When you first begin to meditate, you say the word for a few moments and then you become distracted. You feel you’re a failure and you should feel a failure because we do fail at this. We are not perfect.
However, we can be faithful. So we return to the word and we keep returning to it. Then, over time, the word begins to sink more deeply into your heart and it is as if you are sounding the word more gently and the word is beginning to take root in your heart. And then eventually, it becomes that you listen to the word. You say it with less effort and your attention is easier to maintain.
In all of these stages, you are being wonderfully enriched, wonderfully blessed and you will see the fruits of the Spirit appearing in your life. The deeper you go, of course, the more God can flood your lives with this love. It is just a question of whether we want to go deeper or not. So, you don’t have to evaluate your meditation. You don’t say: Was it a good meditation or a bad meditation? Just be faithful to it and you will see the fruits appearing.
Then in God’s own time, as I said, you may be led into complete silence, for a few moments maybe even, where your prayer completely becomes one with his prayer. Well, that is grace; that is gift. And as soon as you realize that you have stopped saying the word, come back to the word and start repeating it again. That is the discipline, and that is the simplicity.
You have to be clear about this. Sometimes when you are meditating you can come to a very quiet and clear place in yourself. It is what the Buddhist would call ‘clear mind’, where the mind seems to be like the sky that has no clouds. You say to yourself perhaps: ‘This is a good place to be. My mind is clear, my mind is open, I’m feeling peaceful. I feel the presence of God.’ And you may say to yourself: ‘I have no thoughts.’ But the thought ‘I have no thoughts’ is a thought. So, as long as you are thinking like that, you keep saying the word.
But over time, you’ll find that you say the word much more gently, more subtly, more peacefully. It takes root in your heart and it accompanies you throughout the day as well.

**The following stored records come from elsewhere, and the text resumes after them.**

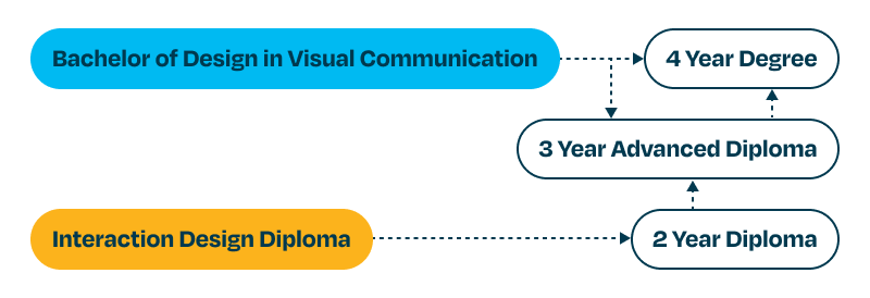 Distinct programs with the ability to ladder within one design school.
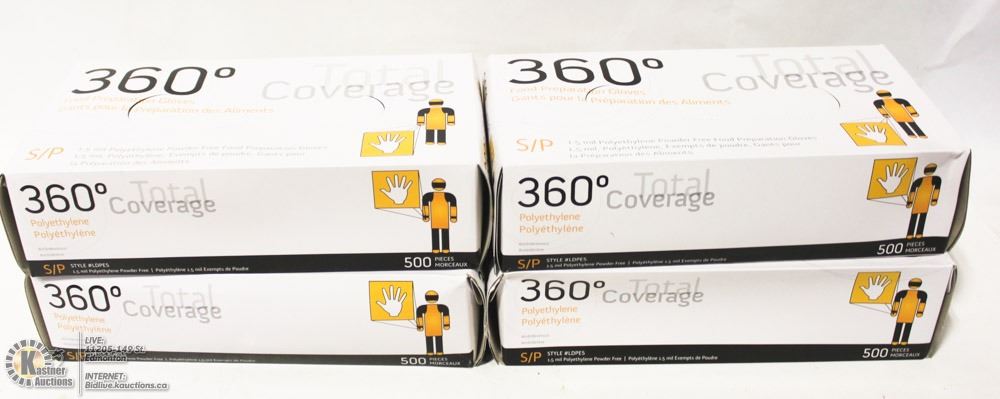 2,000 NEW CFIA APPROVED GLOVES, 360 TOTAL COVERAGE, POLYETHYLENE, 1.5MIL THICKNESS, 500 GLOVES PER BOX , 4 BOXES PER CASE - SIZE SMALL - AS THEY COME IN CATALOGUE ORDER
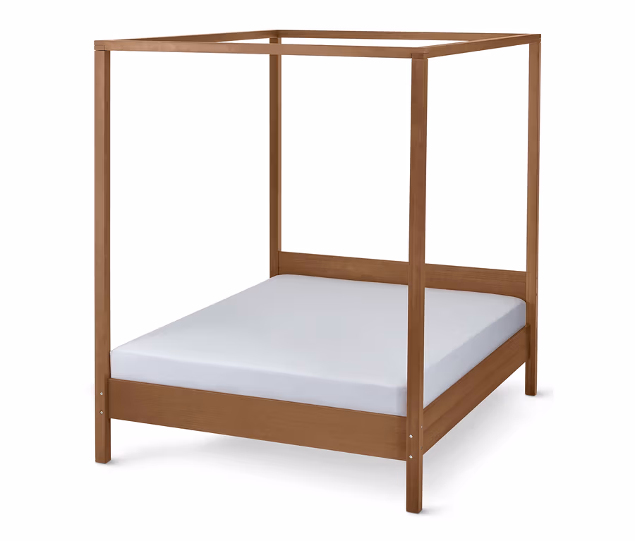 In diesem Himmelbett schläft es sich wie auf Wolken. Mit seiner ungefähr 160 mal 200 Zentimeter großen Liegefläche freut man sich jeden Tag besonders darauf, abends in die Federn zu hüpfen. Der Rahmen aus FSC®-zertifiziertem Eukalyptus-Massivholz lässt sich individuell dekorieren: Ob mit fließenden Stoffbahnen oder gemütlichen Lichterketten, das wird Bett zu einer kuscheligen Oase der Erholung. Um den Schlafzimmerfußboden nicht in Mitleidenschaft zu ziehen, sind Bodenschoner inklusive. Lattenrost und Matratze sind stattdessen nicht im Lieferumfang enthalten.
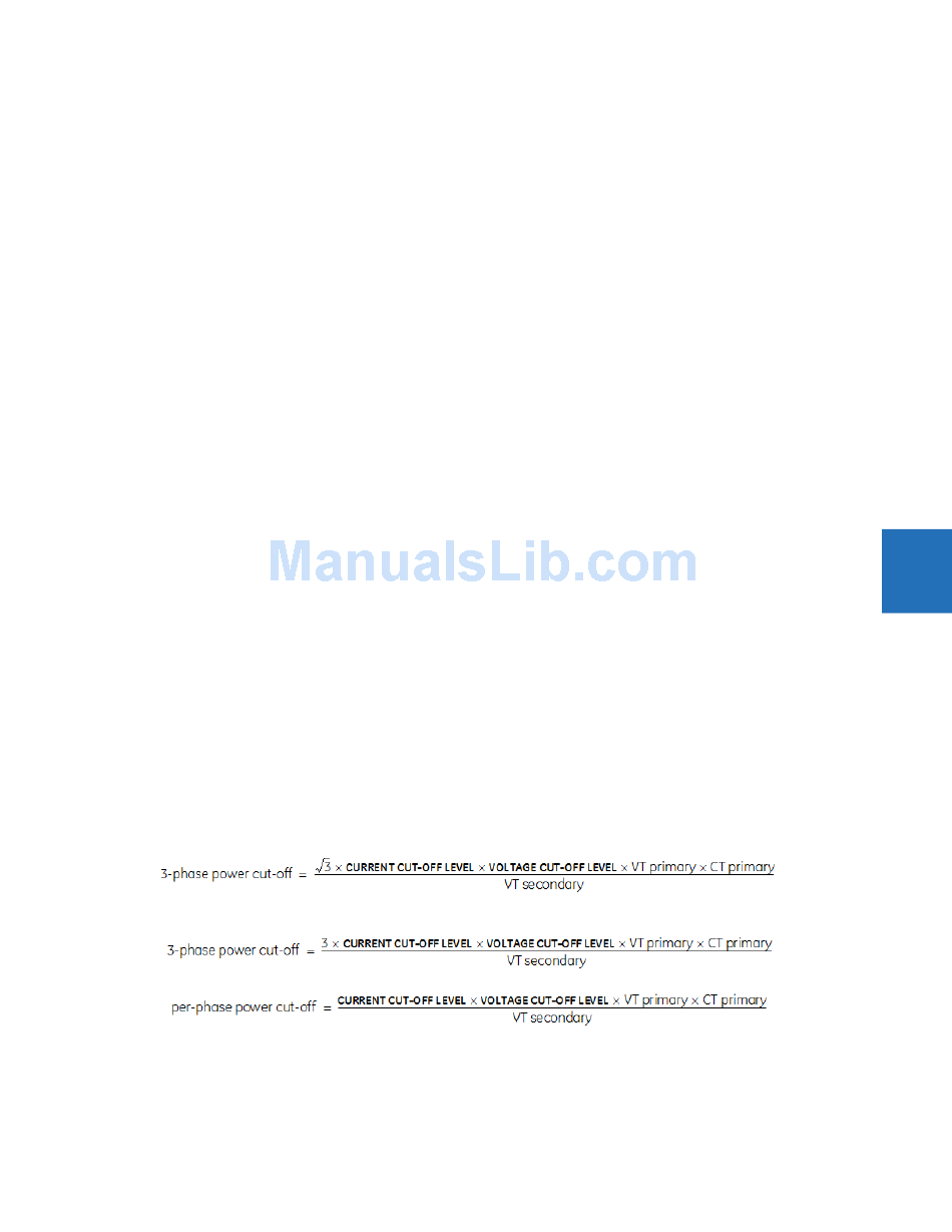 power cut-off level is calculated using the following equations. For Delta connections:

(Laurence Freeman OSB, Meditatio Talk Series 2013-C, Meditating as a Christian)
John Main
The function of the mantra basically is to bring you to silence, to take you beyond thought, imagination, ratiocination.
John Main
Yes you could put it that way certainly, yes. Saying the mantra I think is very much what the English poet Blake meant when he talked of cleansing the doors of your perception. It’s very much like clarifying of your consciousness, but you have to be careful about too many images even in thinking about the mantra, because otherwise your temptation is to say at the end of your meditation, ”Well how much more clarification have I got this time?” Whereas you want to try and approach meditation in the least self-conscious way possible. That’s the purpose: to bring you to silence.